*** Opening SUPPLIED RECORDS ***

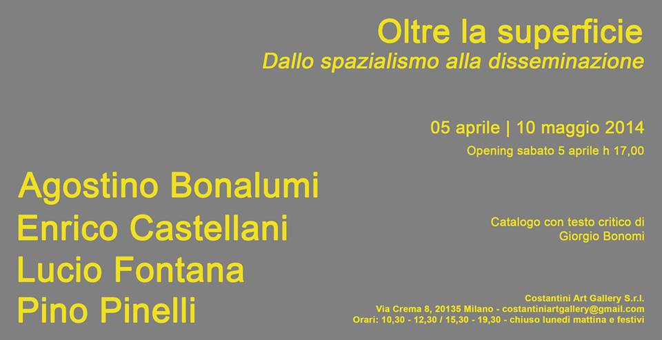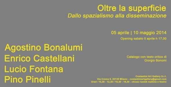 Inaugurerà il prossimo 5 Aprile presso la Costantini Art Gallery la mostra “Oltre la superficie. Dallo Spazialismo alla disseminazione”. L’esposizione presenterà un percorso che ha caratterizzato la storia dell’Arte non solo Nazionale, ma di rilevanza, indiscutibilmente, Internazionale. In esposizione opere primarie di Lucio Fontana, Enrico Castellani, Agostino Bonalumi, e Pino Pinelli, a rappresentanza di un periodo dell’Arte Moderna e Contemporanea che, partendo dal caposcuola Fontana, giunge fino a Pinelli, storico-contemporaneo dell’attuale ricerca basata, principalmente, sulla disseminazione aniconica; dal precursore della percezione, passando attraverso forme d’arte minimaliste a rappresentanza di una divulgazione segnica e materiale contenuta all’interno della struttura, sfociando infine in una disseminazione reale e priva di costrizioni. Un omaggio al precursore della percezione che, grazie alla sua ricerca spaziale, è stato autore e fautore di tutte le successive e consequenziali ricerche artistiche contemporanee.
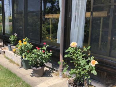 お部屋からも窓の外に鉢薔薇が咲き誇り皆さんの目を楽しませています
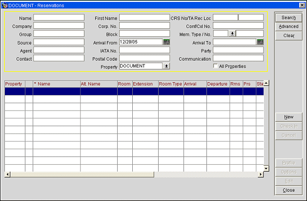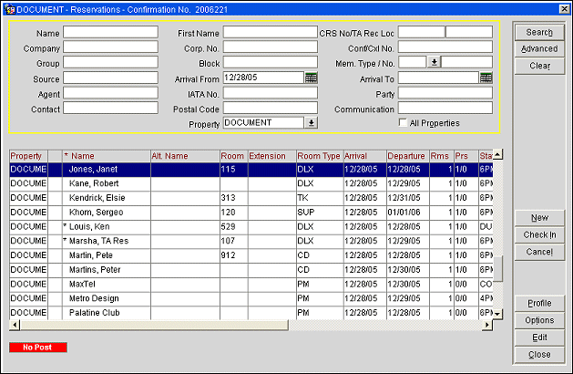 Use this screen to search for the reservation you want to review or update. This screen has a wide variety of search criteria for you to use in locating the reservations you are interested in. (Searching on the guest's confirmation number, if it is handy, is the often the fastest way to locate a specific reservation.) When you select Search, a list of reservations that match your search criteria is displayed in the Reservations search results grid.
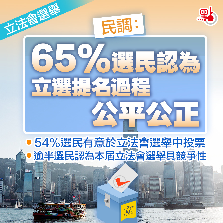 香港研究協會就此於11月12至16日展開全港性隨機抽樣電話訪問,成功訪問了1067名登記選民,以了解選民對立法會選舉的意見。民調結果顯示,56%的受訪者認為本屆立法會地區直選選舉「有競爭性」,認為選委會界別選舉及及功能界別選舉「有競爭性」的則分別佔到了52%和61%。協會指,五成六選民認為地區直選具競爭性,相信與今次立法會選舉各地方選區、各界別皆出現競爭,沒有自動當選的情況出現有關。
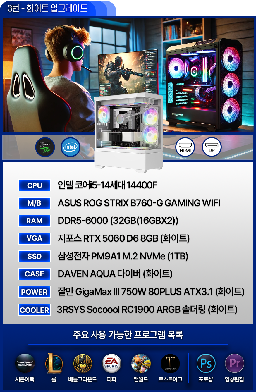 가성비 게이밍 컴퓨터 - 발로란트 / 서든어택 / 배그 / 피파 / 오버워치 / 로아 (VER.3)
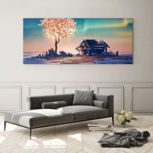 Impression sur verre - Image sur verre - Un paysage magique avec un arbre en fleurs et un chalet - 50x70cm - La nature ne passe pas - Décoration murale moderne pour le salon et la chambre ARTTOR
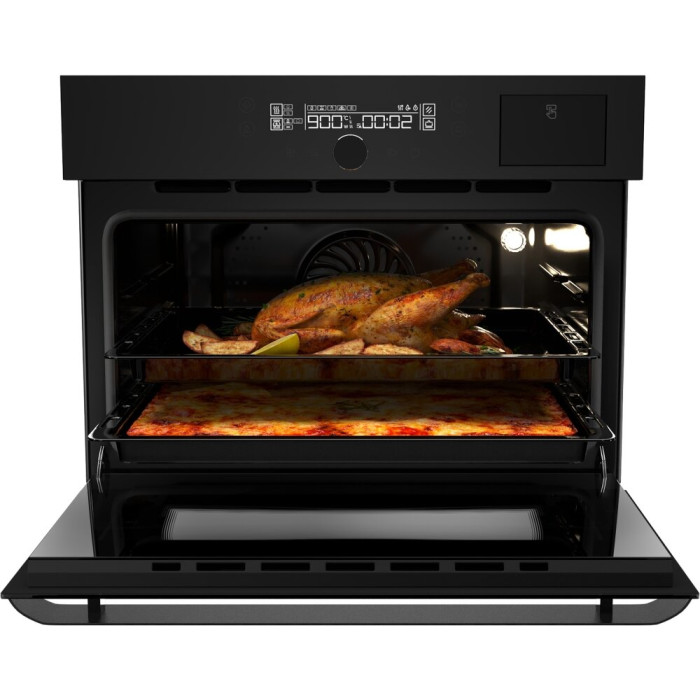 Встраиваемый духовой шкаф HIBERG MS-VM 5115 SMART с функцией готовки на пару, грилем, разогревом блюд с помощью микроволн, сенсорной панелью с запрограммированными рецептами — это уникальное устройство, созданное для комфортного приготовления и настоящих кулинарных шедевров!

*** Closing SUPPLIED RECORDS ***

### TASK DIRECTIONS
Could you set down every entry again exactly as written, leaving out any pictures?

### RESPONSE
 Inaugurerà il prossimo 5 Aprile presso la Costantini Art Gallery la mostra “Oltre la superficie. Dallo Spazialismo alla disseminazione”. L’esposizione presenterà un percorso che ha caratterizzato la storia dell’Arte non solo Nazionale, ma di rilevanza, indiscutibilmente, Internazionale. In esposizione opere primarie di Lucio Fontana, Enrico Castellani, Agostino Bonalumi, e Pino Pinelli, a rappresentanza di un periodo dell’Arte Moderna e Contemporanea che, partendo dal caposcuola Fontana, giunge fino a Pinelli, storico-contemporaneo dell’attuale ricerca basata, principalmente, sulla disseminazione aniconica; dal precursore della percezione, passando attraverso forme d’arte minimaliste a rappresentanza di una divulgazione segnica e materiale contenuta all’interno della struttura, sfociando infine in una disseminazione reale e priva di costrizioni. Un omaggio al precursore della percezione che, grazie alla sua ricerca spaziale, è stato autore e fautore di tutte le successive e consequenziali ricerche artistiche contemporanee.
 お部屋からも窓の外に鉢薔薇が咲き誇り皆さんの目を楽しませています
 Use this screen to search for the reservation you want to review or update. This screen has a wide variety of search criteria for you to use in locating the reservations you are interested in. (Searching on the guest's confirmation number, if it is handy, is the often the fastest way to locate a specific reservation.) When you select Search, a list of reservations that match your search criteria is displayed in the Reservations search results grid.
 香港研究協會就此於11月12至16日展開全港性隨機抽樣電話訪問,成功訪問了1067名登記選民,以了解選民對立法會選舉的意見。民調結果顯示,56%的受訪者認為本屆立法會地區直選選舉「有競爭性」,認為選委會界別選舉及及功能界別選舉「有競爭性」的則分別佔到了52%和61%。協會指,五成六選民認為地區直選具競爭性,相信與今次立法會選舉各地方選區、各界別皆出現競爭,沒有自動當選的情況出現有關。
 가성비 게이밍 컴퓨터 - 발로란트 / 서든어택 / 배그 / 피파 / 오버워치 / 로아 (VER.3)
 Impression sur verre - Image sur verre - Un paysage magique avec un arbre en fleurs et un chalet - 50x70cm - La nature ne passe pas - Décoration murale moderne pour le salon et la chambre ARTTOR
 Встраиваемый духовой шкаф HIBERG MS-VM 5115 SMART с функцией готовки на пару, грилем, разогревом блюд с помощью микроволн, сенсорной панелью с запрограммированными рецептами — это уникальное устройство, созданное для комфортного приготовления и настоящих кулинарных шедевров!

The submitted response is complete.